Jon Snow and Ser Davos Seaworth arrive upon the lapping shores of Dragonstone. They are greeted by the Hand of the Queen, Tyrion, who is most pleased to see the bastard. The pair are shred of the weapons, and their ship removed from the water by the Dothraki. After pleasantries on the sand, they begin the scenic climb to the awaiting Queen.

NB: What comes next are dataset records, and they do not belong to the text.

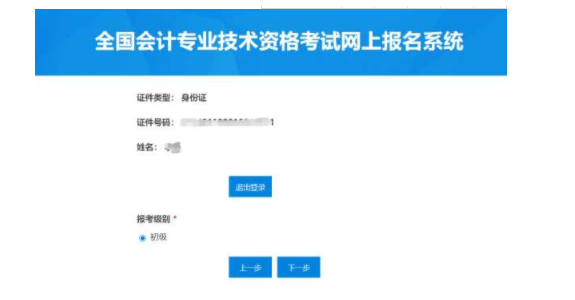 選擇報考級別后點(diǎn)擊"下一步"填寫報考信息。如下圖所示。
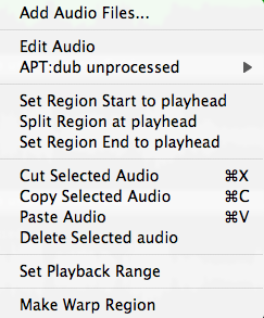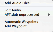 If an APT or Doubler Process uses the selected audio waveform, the menu will have two additional options below "Add Audio Files...". The menu displays as shown right if audio is already selected (waveform is green), or if neither the audio or process is selected (both grey). If the process is currently selected (process bar is green) the menu displays as shown in the section below (Mac OS).
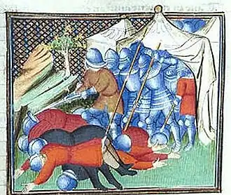 - ↑ La liste des gentilshommes de cette armée mentionnée par la Chronique... (op. cit.), commence par "monseigneur Louis de Harecourt, monseigneur de Piquegny, monseigneur d’Aubegny, le baron de Coussi, monseigneur Hue de Chasteillon, monseigneur de Roye, monseigneur Mathieu de Roye, monseigneur Raoul de Reneval, monseigneur de Preaulx, monseigneur Mouton sire de Blainville, le preux chevalier monseigneur de Buyville, monseigneur Guillaume du Melle..."'. Les chevaliers tuèrent 7 000 paysans pendant la bataille, puis exécutèrent 20 000 révoltés pendant les deux semaines suivantes.

Just the opulent shots of Dragonstone here are worthy of note – with their shimmering cinematography, and radiant colour palettes – and even a sharp laugh is found when Jon stumbles over after catching a sight of Dany’s dragons swooping up to the turrets of the Targaryen castle.
With such anticipation about the King of the North and the Mother of Dragons’ meeting, the scene could have easily played out with warmth; a reflection of the viewership no doubt, but instead the pair’s long-awaited encounter was steely, cold, and absolutely perfect. Khaleesi expects Jon to bend the knee; to pledge allegiance to House Targaryen like the Starks did before, and join her in battle as they take King’s Landing. Snow couldn’t care less about Cersei – she is merely just another skeleton in waiting if the real enemy (the Night King) isn’t dealt with.

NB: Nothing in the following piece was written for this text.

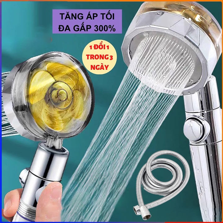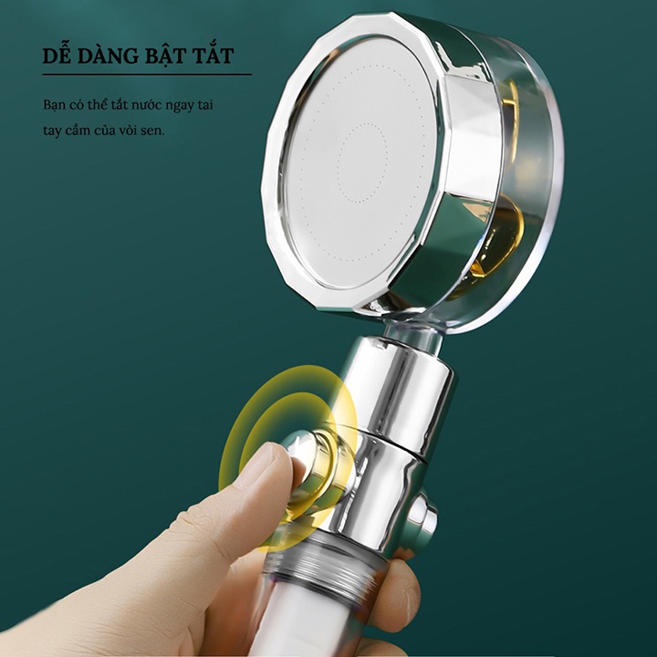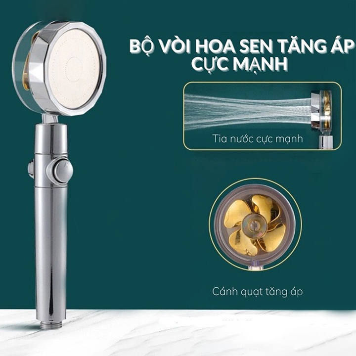 Bộ vòi hoa sen tăng áp cao cấp xoay 360 độ có cánh quạt, nút bấm bật tắt tiện lợi

Showing the true potency of their ice and fire, the duo have much in common, despite clear differences in goals and intention. Their friction is separated by Tyrion – who is undoubtedly the star of this week’s episode; getting a host of fine sequences – when he informs his Queen that she needs to give something to Jon in order to earn not only his respect, but his allegiance: dragonglass. A special mention for Davos, too, who delivers a fist-pumping speech about Jon as the King is too humble to do it himself.

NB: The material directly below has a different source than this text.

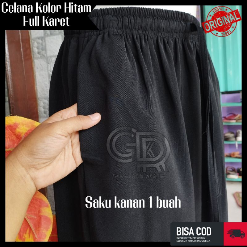 Celana Hitam Wanita/ Celana Kolor/ Celana Kekinian/Kulot Kekinian/Kulot Full Karet Bahan Ferrari/Celana Silat/Celana Kerja/ Celana HitamPanjang/Celana Hitam Jumbo
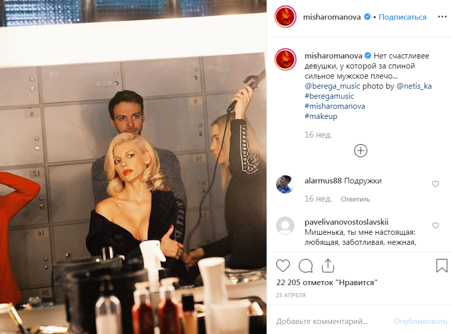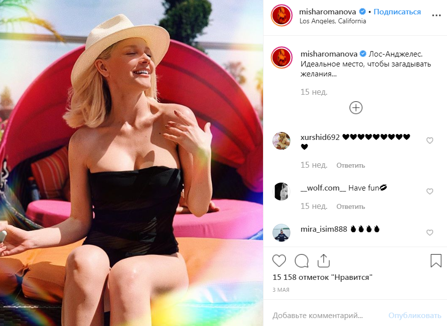 Несмотря на скрытность, Миша активно ведет персональный аккаунт в «Инстаграме», где за ее публикациями следит многочисленная армия поклонников. Романова делится фото с работы и постит забавные повседневные снимки.

We’re three episodes into Season 7, and the quality continues to intensify. “The Queen’s Justice” was a thrilling, captivating, and beautifully explored episode, which delivered the scenes we all wanted, and those we didn’t realise we wanted. A number of people have been commenting on this year’s teleportation, which one must agree with – long, dwelling journeys across the Seven Kingdoms have now vanished in favour of more immediate action – but this has failed to effect the texture or impact of the show’s developmental drama. Whilst seeing the epic lengths of Westeros upon horseback is impressive, Game of Thrones is now firmly on the clock, and with each passing hour, it becomes more and more exciting.